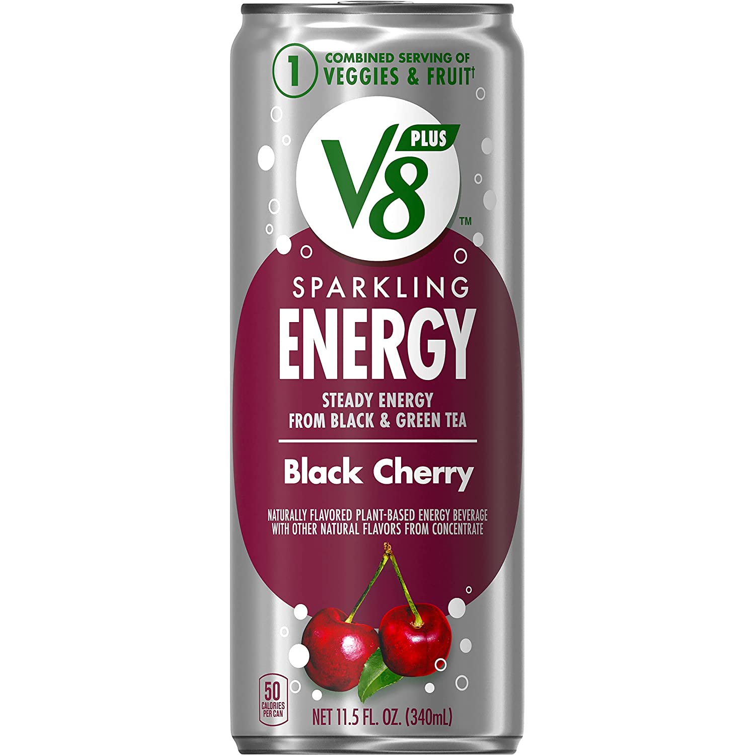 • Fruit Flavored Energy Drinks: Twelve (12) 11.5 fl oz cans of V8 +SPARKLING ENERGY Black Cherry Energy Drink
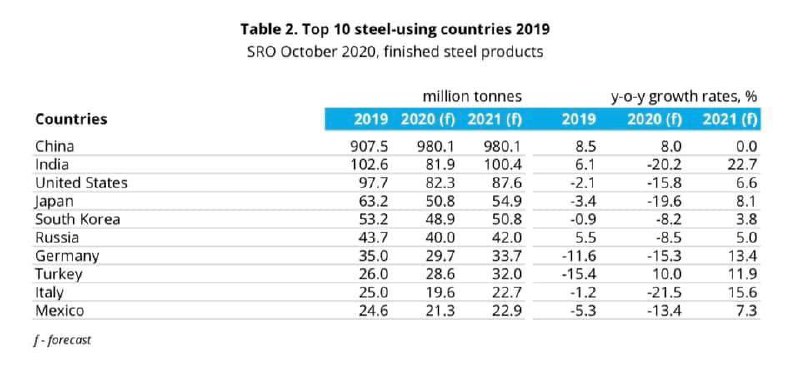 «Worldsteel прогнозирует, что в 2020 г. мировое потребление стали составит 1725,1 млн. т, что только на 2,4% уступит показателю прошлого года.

==

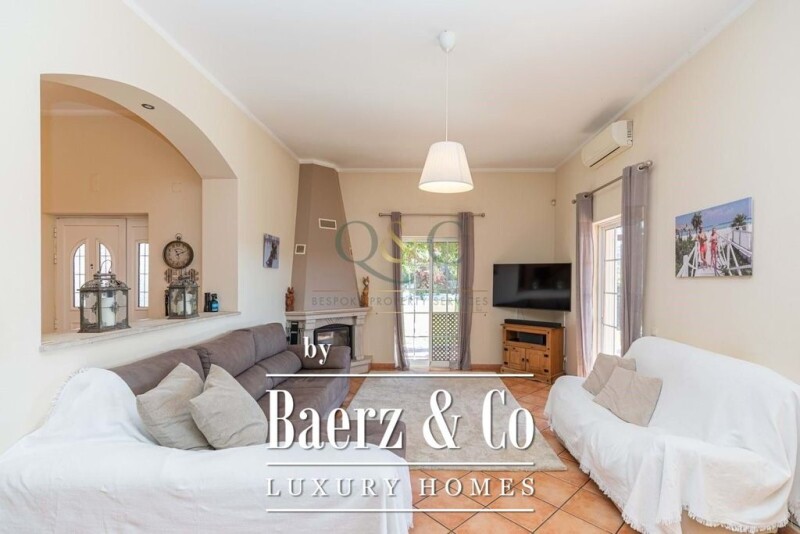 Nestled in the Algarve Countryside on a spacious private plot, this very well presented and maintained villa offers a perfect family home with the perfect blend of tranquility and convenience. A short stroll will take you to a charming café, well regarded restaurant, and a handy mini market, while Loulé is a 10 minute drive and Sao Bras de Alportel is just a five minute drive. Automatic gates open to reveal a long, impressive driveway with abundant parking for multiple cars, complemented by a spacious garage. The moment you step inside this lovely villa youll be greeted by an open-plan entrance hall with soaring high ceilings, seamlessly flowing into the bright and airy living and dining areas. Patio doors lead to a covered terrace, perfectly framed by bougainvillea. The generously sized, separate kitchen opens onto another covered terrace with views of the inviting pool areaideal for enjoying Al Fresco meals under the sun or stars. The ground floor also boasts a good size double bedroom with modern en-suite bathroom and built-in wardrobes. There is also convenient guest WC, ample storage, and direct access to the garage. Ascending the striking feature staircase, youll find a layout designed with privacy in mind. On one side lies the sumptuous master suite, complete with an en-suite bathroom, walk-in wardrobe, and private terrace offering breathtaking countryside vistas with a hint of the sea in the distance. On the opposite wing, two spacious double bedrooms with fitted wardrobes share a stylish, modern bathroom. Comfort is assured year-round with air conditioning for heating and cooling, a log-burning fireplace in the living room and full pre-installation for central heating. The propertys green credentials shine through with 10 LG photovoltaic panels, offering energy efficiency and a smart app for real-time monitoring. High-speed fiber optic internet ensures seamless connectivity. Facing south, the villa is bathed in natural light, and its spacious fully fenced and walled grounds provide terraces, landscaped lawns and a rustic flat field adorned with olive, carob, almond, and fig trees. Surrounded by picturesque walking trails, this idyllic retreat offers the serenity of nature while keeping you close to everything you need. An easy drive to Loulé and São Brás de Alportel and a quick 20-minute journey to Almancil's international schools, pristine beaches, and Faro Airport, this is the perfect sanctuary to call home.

==

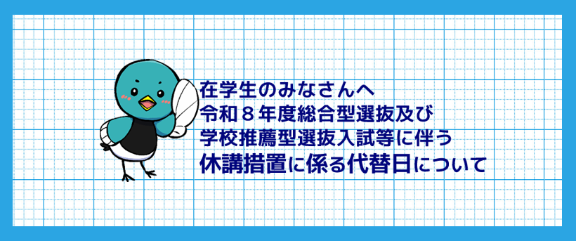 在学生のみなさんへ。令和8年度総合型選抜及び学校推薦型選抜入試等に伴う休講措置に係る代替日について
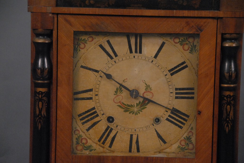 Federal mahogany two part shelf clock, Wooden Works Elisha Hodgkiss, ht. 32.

WORK INSTRUCTIONS: Look above for the line with "在学生のみなさんへ。令和8年", then give again exactly every line from there through the line with "Federal mahogany two", skipping the pictures.

EXERCISE SOLUTION:
 在学生のみなさんへ。令和8年度総合型選抜及び学校推薦型選抜入試等に伴う休講措置に係る代替日について
 Federal mahogany two part shelf clock, Wooden Works Elisha Hodgkiss, ht. 32.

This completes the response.